(Article by Ben Zeisloft republished from CampusReform.org)
Asao Inoue — who teaches first-year writing courses and serves as associate dean for Academic Affairs, Equity, and Inclusion — wrote Labor-Based Grading Contracts: Building Equity and Inclusion in the Compassionate Writing Classroom, in which he advocates for a system of grading that circumvents merit.
Inoue — whose “research focuses on antiracist and social justice theory” — explains that his book discusses “grading literacy performances more broadly” — namely, by judging “final course grades purely by the labor students complete, not by any judgments of the quality of their writing.”

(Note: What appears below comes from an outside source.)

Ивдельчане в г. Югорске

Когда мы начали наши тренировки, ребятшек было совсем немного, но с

“While the qualities of student writing is still at the center of the classroom and feedback, it has no bearing on the course grade,” he explains. “Why take our judgments of quality out of the tabulation of course grades and progress in a course? Because all grading and assessment exist within systems that uphold singular, dominant standards that are racist, and White supremacist when used uniformly.”

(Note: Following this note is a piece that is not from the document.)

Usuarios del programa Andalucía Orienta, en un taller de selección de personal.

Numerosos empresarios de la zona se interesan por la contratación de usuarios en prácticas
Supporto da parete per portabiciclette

“Grading, because it requires a single, dominant standard, is a racist and White supremacist practice,” he adds.
Inoue describes his labor-based system as a tool to enact his “social justice agenda” in his “classroom’s antiracist writing assessment ecologies.”

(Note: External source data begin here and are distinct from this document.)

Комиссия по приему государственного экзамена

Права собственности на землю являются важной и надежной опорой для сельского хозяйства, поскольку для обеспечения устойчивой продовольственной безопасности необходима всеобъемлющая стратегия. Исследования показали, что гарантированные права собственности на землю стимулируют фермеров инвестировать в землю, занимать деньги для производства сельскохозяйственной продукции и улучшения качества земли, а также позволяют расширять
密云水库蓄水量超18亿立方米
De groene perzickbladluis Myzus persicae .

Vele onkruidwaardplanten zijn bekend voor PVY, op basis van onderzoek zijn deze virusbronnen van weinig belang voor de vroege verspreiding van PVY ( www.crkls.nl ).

Inoue’s book contains 358 pages.
In more terse language, Inoue has recently made calls to “destroy grading.”
While responding to a question about “curricular changes” needed to “help our Black students develop positive racial identity,” Inoue said “gotta destroy grading, destroy the White habits of language that make all standards of language in classrooms, not to ignore them but to stop thinking they are THE keys to success and good communication, critical thinking, etc.”
https://twitter.com/AsaoBInoue/status/1268685732631068672
In the past, Inoue has also critiqued the notion of meritocracy a “myth.”
https://twitter.com/AsaoBInoue/status/981894588934766597
Inoue confirmed to Campus Reform that he currently uses labor-based grading in his courses.